Bancos e empresas com privilégios são parte da solução
A ajuda individual aplaca a situação, mas não a solução para o problema das pessoas que não conseguem pagar moradia - a situação foi agravada na pandemia pela perda dos empregos e questões de drogas na família.
Considerada por muitos uma das mulheres mais poderosas na política norte-americana hoje, a deputada democrata Maxine Waters (Califórnia) considera que a participação de bancos é fundamental para solucionar a questão.
"Os financiamentos de casas mais baratas não são incentivados porque não representam lucro.
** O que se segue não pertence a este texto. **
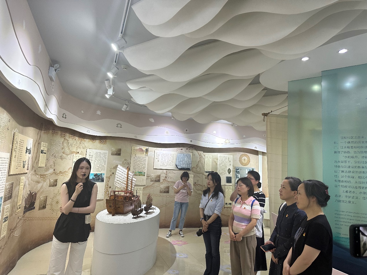 相传600多年前,七下西洋的郑和为了能造出可以在大海上抵御惊涛骇浪的“宝船”,用烧毁一条船的代价,查验工匠们在使用铁钉时有没有贪腐现象——时代更迭,廉洁根植人心,廉洁文化已经成为中华优秀传统文化的重要组成部分。南京市鼓楼区江东街道宝船社区党委依托宝船厂遗址公园深厚的人文历史底蕴,打造全国首家社区廉洁文化体验馆,大力开展廉洁文化宣传教育,党员们在工作人员的引导下,逐一参观了展区的各个板块。

Eles dizem que você é um cidadão melhor quando compra uma casa, mas os bancos não facilitam nada", diz.
Conhecida como Tia Maxine pelos jovens americanos, a congressista não mede as palavras para cobrar um posicionamento dos bancos.
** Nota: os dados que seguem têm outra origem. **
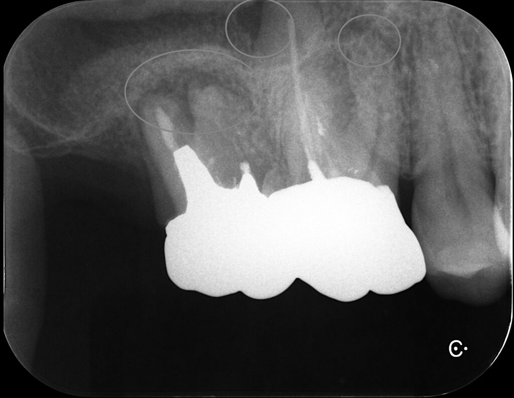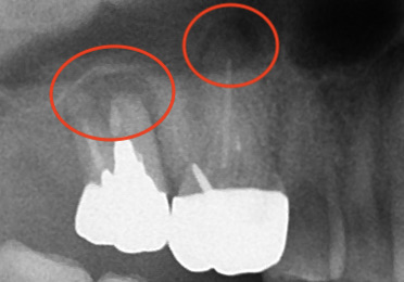赤丸の部分。根尖病巣によって黒くなっており、骨が溶けていて炎症が見られます。

Jeff Olivet, do conselho norte-americano para sem-teto, afirmou que o esforço não envolve apenas tirar as pessoas das ruas, mas, sim, prevenir que mais gente se encontre nessa situação.
Precisamos ter a consciência de que ter moradia é um direito do ser humano
Jeff Olivet, conselho norte-americano para sem-teto
Criar um caminho para pessoas que já estiveram em situação de rua assumirem posições de poder é fundamental para ampliar o olhar para o assunto, diz Olivet. "Suas paixões, traumas e dores precisam ser ouvidos. Isso é de um poder inacreditável. Pessoas com influência precisam realmente acreditar que esse problema tem solução."
Para Vaughn, organizações lideradas por pessoas que já enfrentaram na pele a dor de não ter um teto podem ser "o elo entre os recursos de quem tem privilégios e de quem não tem moradia".
"São seres humanos que querem crescer e ter uma vida melhor. É importante dizer: eu te vejo e farei algo sobre isso", diz.
Sempre que surgem planos para tirar pessoas da rua, o custo dessas é um dos principais obstáculos. Para Olivet, a discussão sobre quem paga a conta deveria ser encarada por outro ângulo.
"O custo da solução é caro? Não resolver é mais caro, porque está custando vidas. Já temos um custo altíssimo", finaliza.
Neste momento do debate, Waters, ou Tim Maxine como a deputada é chamada pelos jovens, levanta a voz indignada. Ela comenta que a reforma de uma estrada pode custar U$ 2 bilhões a cada trecho de 3 km. Como pode se gastar tanto com asfalto quando tem gente sem ter onde morar vivendo sobre esse aslfato?, pergunta a congressista.
"É para se pensar. Os políticos podem fazer mais. É por isso que fomos eleitos, para ajudar quem precisa", diz Waters.